Momento lembrado pelo presidente da Câmara de Sardoal, Miguel Borges, que não esqueceu de referir que a Semana Santa e Páscoa de Sardoal foram incluídas no Inventário Nacional do Património Cultural Imaterial.

“Fizemos uma exposição idêntica há cerca de 10 anos e esta exposição tem uma particularidade: permitir aos sardoalenses, e a quem nos visita, ver estas peças em pormenor. Vemos muitas vezes à distância de um altar, e essa distância é espiritualmente curta mas materialmente muito longa, para quem gosta de observar os pormenores e é isso que hoje é possível fazer; apreciar todas as peças que aqui estão”, começou por dizer o presidente da Câmara Miguel Borges, durante a inauguração da exposição.
Falando sobre “a oportunidade” de observação e apreciação destas 20 peças, designadamente o Seigan de Arte Namban, o autarca considerou que “podemos vê-las 10, 15, 20 ou 30 vezes e cada vez que as vemos encontramos sempre um pormenor novo”.
Além do Oratório destaque ainda para um Presépio do século XVIII, com a Senhora da Conceição e Menino Jesus, uma Custódia em prata dourada do século XVIII, uma Naveta de prata do século XVIII, uma Salva de prata do século XVIII, dois Paramentos igualmente do século XVIII, uma Pixide em prata dourada do século XVII, uma imagem Pietá em madeira policromada do século XVIII e uma Caldeirinha de água benta do final do século XV, na transição entre o Renascimento e o Maneirismo, considerada rara.
Miguel Borges deu conta da exposição ter ainda outro objetivo e de querer “trazer muita gente” a Sardoal durante o período da quaresma e da Semana Santa. “Pessoas com alguma capacidade de decisão ou de influenciar quem decide. Porque é [os paramentos] uma pequena mostra daquilo que está em gavetões e que urge ser recuperado, urge arranjar uma forma de, pelo menos, não deixar degradar ainda mais”.

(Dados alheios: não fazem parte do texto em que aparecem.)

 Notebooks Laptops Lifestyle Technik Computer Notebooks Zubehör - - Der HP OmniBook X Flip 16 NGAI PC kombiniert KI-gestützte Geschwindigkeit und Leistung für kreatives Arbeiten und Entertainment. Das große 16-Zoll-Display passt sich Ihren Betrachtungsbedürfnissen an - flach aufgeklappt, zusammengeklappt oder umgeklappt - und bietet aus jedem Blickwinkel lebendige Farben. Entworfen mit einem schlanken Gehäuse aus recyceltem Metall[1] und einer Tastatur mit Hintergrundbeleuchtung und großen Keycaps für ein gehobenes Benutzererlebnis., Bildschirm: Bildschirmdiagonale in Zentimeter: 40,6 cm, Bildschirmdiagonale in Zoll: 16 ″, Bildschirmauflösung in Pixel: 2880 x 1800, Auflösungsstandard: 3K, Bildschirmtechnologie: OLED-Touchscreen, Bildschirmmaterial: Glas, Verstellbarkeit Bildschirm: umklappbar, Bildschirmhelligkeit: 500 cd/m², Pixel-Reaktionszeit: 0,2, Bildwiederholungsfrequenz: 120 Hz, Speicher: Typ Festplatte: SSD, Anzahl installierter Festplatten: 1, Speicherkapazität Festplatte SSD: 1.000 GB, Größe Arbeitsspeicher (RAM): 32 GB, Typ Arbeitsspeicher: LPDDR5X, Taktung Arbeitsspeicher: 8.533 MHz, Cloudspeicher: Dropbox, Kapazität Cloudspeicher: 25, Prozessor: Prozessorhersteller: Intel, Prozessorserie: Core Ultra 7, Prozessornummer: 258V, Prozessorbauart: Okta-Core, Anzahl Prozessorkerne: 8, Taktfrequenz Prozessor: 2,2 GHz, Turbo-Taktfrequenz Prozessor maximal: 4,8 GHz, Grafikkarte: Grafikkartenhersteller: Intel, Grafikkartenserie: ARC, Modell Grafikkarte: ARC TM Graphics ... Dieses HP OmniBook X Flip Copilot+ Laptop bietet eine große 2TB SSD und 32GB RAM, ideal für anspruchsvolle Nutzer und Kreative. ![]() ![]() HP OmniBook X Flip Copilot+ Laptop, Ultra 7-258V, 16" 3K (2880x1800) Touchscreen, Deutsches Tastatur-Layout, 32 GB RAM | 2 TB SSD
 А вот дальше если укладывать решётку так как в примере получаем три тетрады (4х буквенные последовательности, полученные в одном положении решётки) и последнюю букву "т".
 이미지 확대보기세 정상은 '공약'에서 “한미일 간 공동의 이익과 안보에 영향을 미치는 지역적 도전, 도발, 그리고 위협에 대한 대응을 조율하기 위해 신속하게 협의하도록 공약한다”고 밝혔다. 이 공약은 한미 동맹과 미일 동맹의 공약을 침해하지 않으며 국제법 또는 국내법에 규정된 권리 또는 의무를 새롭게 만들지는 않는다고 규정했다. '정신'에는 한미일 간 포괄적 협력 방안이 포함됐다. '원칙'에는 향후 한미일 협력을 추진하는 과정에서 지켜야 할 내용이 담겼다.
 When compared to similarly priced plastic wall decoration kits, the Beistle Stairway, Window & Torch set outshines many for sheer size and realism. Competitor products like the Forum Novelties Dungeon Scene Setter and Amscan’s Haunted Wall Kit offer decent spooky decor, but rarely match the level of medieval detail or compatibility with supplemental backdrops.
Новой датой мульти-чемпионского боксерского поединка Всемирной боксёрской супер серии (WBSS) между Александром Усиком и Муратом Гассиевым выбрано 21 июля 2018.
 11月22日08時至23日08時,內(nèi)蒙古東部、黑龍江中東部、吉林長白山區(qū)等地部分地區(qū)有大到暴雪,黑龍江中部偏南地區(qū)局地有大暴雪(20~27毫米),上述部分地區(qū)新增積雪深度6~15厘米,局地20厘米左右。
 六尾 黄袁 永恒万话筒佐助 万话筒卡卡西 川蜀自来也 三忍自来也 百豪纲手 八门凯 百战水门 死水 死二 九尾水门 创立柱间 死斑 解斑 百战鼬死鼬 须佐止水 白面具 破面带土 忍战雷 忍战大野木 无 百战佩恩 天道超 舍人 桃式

Confessa que terminará o seu último mandato, enquanto autarca, com “alguma mágoa” se não conseguir avançar com a recuperação da Igreja Matriz de Sardoal, admitindo que “dificilmente” o fará.
“Basta olhar para a Igreja Matriz, para o Pórtico da Santa Casa da Misericórdia e outras coisas mais e perceber como é que neste país o património é tratado. O Estado, principalmente a nossa CCDR Centro, entende só merecer financiamento o património nacional. Então e todo este património que é privado? Como a Capela da Nossa Senhora da Lapa, que é privada, e o nosso Estado permite que avance num estado de degradação tal sem que nada seja feito. É a nossa História, a nossa Arte, é tudo isto que se está a perder. Era muito importante que alguém tivesse essa consciência”, afirmou.

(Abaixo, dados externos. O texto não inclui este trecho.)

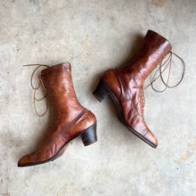 Beautiful brown lace up boots with pointed toes and Cuban heels circa 1910s.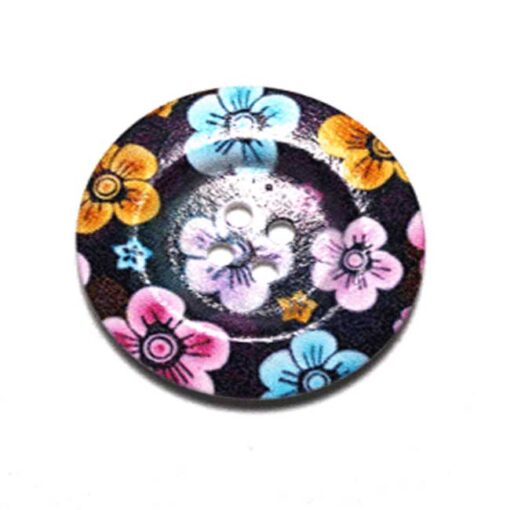 Κουμπί Ξύλινο Μαύρο με Λουλούδια 4cm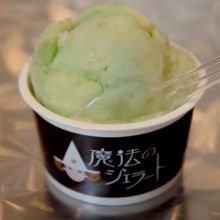 その名の通り、メロンソーダをそのままジェラートに加工したかの様で、口に中でシュワーッとする感じ。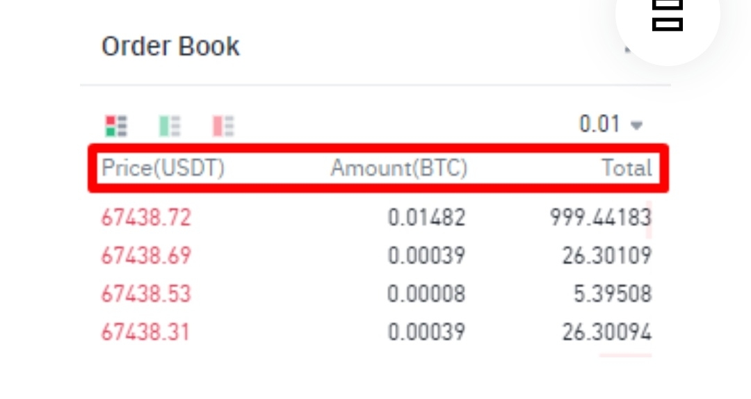 On Binance Web, the order book is located on either the left or right side of your trading interface (left side for Spot and Margin; right side for Futures). It looks like this: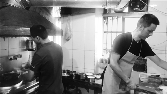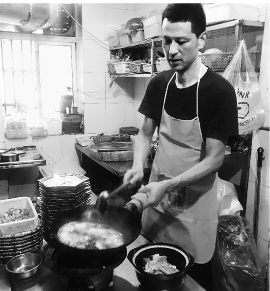 稍微空一点了,王强从厨房里走出来。“天热,客人也少。有些人没胃口,有些人叫外卖。也好,我们不用那么忙。”阿强说。他印象深刻的一次,在厨房里待了3个多小时,炒菜炒得手都抬不起来。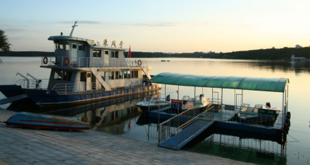 凈月潭水上游覽船舶集水上交通運輸、游覽于一體。從任何一處碼頭上船都可以通向風(fēng)景區(qū)的幾個主要景點:大壩碼頭、沙灘浴場碼頭、橡樹灣碼頭(森林浴場)、滑雪場。凈月潭現(xiàn)有兩艘主要船舶。其中“乘風(fēng)號”游船系雙層雙體燃氣環(huán)保型游覽船舶,定員 100位。游客可在乘坐游船的同時觀賞凈月潭水的秀色。而“麒龍?zhí)枴笔且凰椰F(xiàn)代船舶,客艙內(nèi)配有電視、音樂,為游客播放凈月潭相關(guān)視頻,二層甲板處更是觀光遠眺凈月風(fēng)景的好地方。凈月潭又從日本購進多輛三座位的“水上摩托艇”,速度快、較刺激,可供游客自行駕駛。由“摩托艇”牽引,游人還可踩滑水板滑翔于潭面。由“快艇”牽引,乘坐五座位的火箭沖浪艇,也極具刺激性。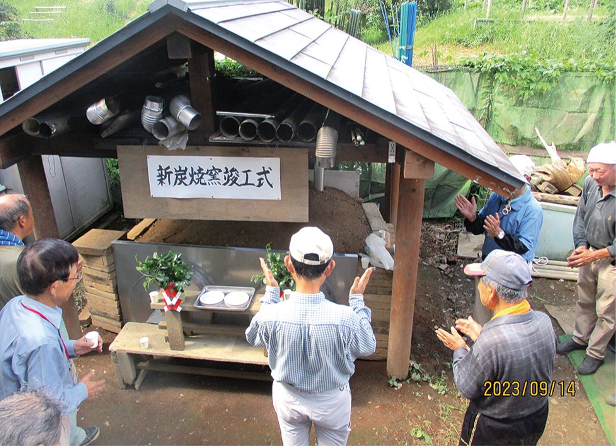 9月14日には新しい窯の前で「新炭焼窯竣工式」として皆で新しい窯の完成を祝いました。榊と紙垂を飾り、塩と米をお供えし、お神酒を頂きました。榊は森で調達、看板、紙垂は会員の手作りです。会長の音頭により道路公園センターさんへの感謝を捧げた後、かしわ手を打ち今後の竹炭焼きが安全に遂行され、竹炭が上手に焼ける事を願いました。10月には早速竹炭焼きの予定があります。気合が入ります。

Por seu lado, o provedor da Santa Casa da Misericórdia de Sardoal, Fernando Moleirinho, agradeceu a presença dos convidados durante a inauguração da exposição com “peças muito importantes não só para o concelho de Sardoal mas para todo o país. É uma amostra daquilo que o interior tem […] era importante que os governos começassem a perceber que Portugal não é só o litoral. Portugal tem um interior rico não só em pessoas mas rico em património e em cultura”.
A exposição pode ser visitada de terça a sábado, das 15h00 às 19h00, encerrando aos domingos, segundas-feiras e feriados.